In this study, we scrutinized eleven studies that aligned with our inclusion criteria. Our meta-analysis revealed a significant association between elevated NLR and reduced OS in cancer patients with BM.

NLR is widely recognized as a prognostic marker in various cancers, as it reflects systemic inflammation that promotes tumor progression15. In patients with brain metastases, elevated NLR may have an especially strong prognostic impact due to the unique immune environment of the brain. This underscores NLR’s relevance across different cancer types while highlighting its specific significance in the context of brain metastases. Our findings are consistent with previous studies, which have identified inflammation, represented by NLR, as a critical factor in cancer progression and metastasis. Elevated NLR may reflect a systemic inflammatory response that fosters tumor growth and treatment resistance, leading to poorer patient outcomes16,17.

Previous meta-analyses have primarily focused on the prognostic value of NLR in patients with BM from lung cancer8. But these studies did not fully explore the implications of NLR for patients with BM from other cancer types, which limits the generalizability of their conclusions. Our meta-analysis addresses this gap by including a broader spectrum of cancers, such as breast, gastrointestinal, and renal cancers, offering a more comprehensive understanding of NLR’s prognostic significance. Furthermore, by incorporating recently updated data, we provide more current and robust insights. This allows our study to demonstrate the potential of NLR as a widely applicable biomarker, enhancing its relevance across various cancer types.

In our study, there are some limitations. First, detailed information of unknown pretreatment (i.e., physical conditions, comorbidities, infective symptoms, medication, hypertension, lifestyle habits, and diabetes mellitus) could influence the NLR value, thus weakening its actual relationship with cancer-specific endpoints.

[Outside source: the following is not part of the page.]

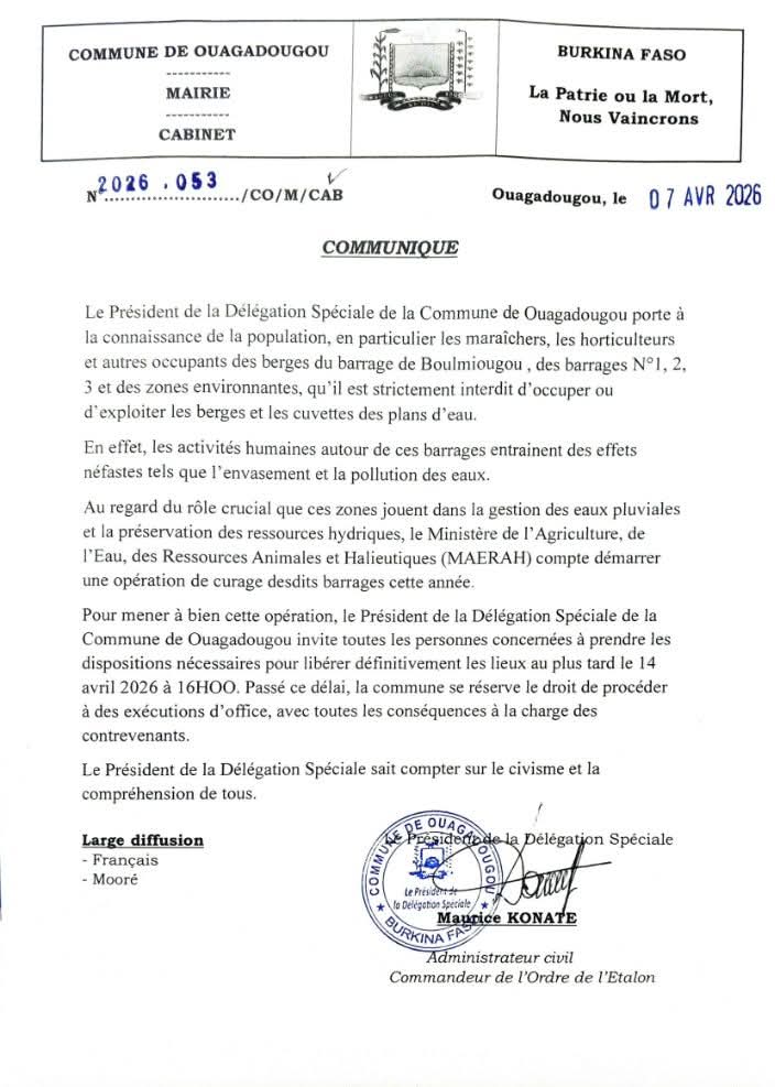Dans un communiqué signé le 7 avril 2026, le président de la Délégation spéciale de la commune de Ouagadougou interdit aux maraîchers, horticulteurs, etc., l’occupation et l’exploitation des berges des barrages de Boulmiougou ainsi que des barrages n°1, 2 et 3.

Second, the NLR cut-off points differed in some studies and the purpose of their study was different, increasing the heterogeneity among studies and making the clinical application more difficult. Third, although no significant deviation was observed in the funnel plot, we did not identify any negative results.

Additionally, leptomeningeal metastasis (LM) and brain parenchymal metastasis (BPM) are associated with different prognostic outcomes, potentially due to variations in their underlying inflammatory mechanisms. While our meta-analysis did not specifically separate these two types of metastasis, some included studies grouped LM and BPM together, which could obscure differences in the prognostic value of NLR between them. Future research with more detailed stratification is needed to determine whether NLR has distinct significance in these subgroups.

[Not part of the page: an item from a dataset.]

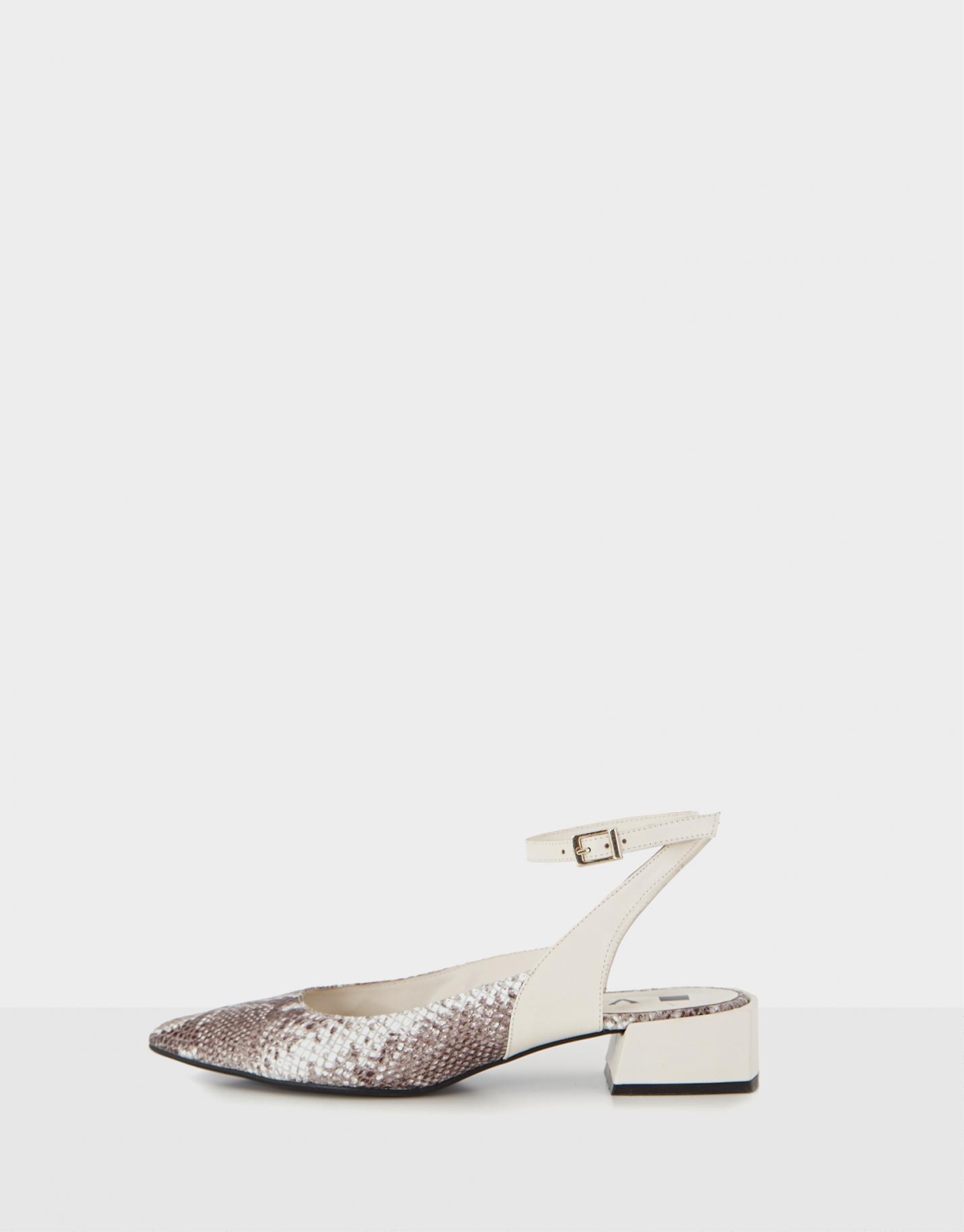 Zapatos Roberto Verino | Zapato Destalonado Piel Beige Y Serpiente Mujer

Furthermore, existing prognostic models offer valuable insights but are not without limitations, often due to subjective scoring elements that introduce uncertainty. The accuracy of these models can vary, and our study demonstrates that NLR, a simpler and more objective marker, provides a reliable prognostic value for patients with BM. This suggests that NLR could complement existing models by adding a quantifiable and reproducible parameter, enhancing the overall prognostic accuracy and aiding in better patient management and treatment decisions.

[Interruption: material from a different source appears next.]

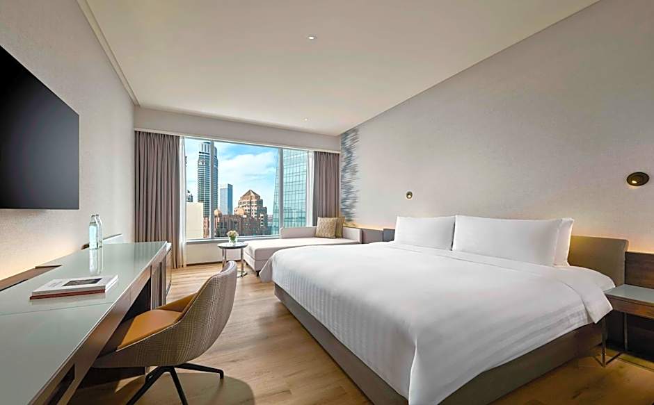 La ristorazione in loco è il sogno di ogni buongustaio: Gobo Chit Chat propone un invitante mix di piatti cinesi, italiani, coreani, di mare, sushi, locali, asiatici e internazionali in un ambiente moderno e adatto alle famiglie. SkyBar porta un’atmosfera elegante e moderna e piatti internazionali per un’eleganza senza sforzo con vista, mentre OnTheGo serve sapori coreani, locali e internazionali in un’atmosfera adatta alle famiglie. Bara On Six completa l’offerta con portate internazionali moderne, e il servizio in camera porta queste opzioni alle porte degli ospiti.

The clinical relevance of our findings lies in the potential for physicians to use NLR as an auxiliary tool in prognostic evaluation, guiding treatment decisions. Patients with elevated NLR may benefit from more aggressive therapeutic approaches and closer monitoring to improve their prognosis. Furthermore, our results suggest potential areas for future research, such as examining the association of NLR with prognosis in different cancer types and treatment contexts, which may provide valuable insights for improving patient management. In summary, our study not only reinforces the value of NLR in assessing the prognosis of patients with BM but also provides clinicians with a useful marker for better managing and treating this patient group.

Conclusion

Our meta-analysis confirmed the prognostic value of NLR in patients with BM. NLR could serve as a reliable prognostic indicator for unfavorable outcomes in patients with BM, with variations observed across different geographic regions and cancer types.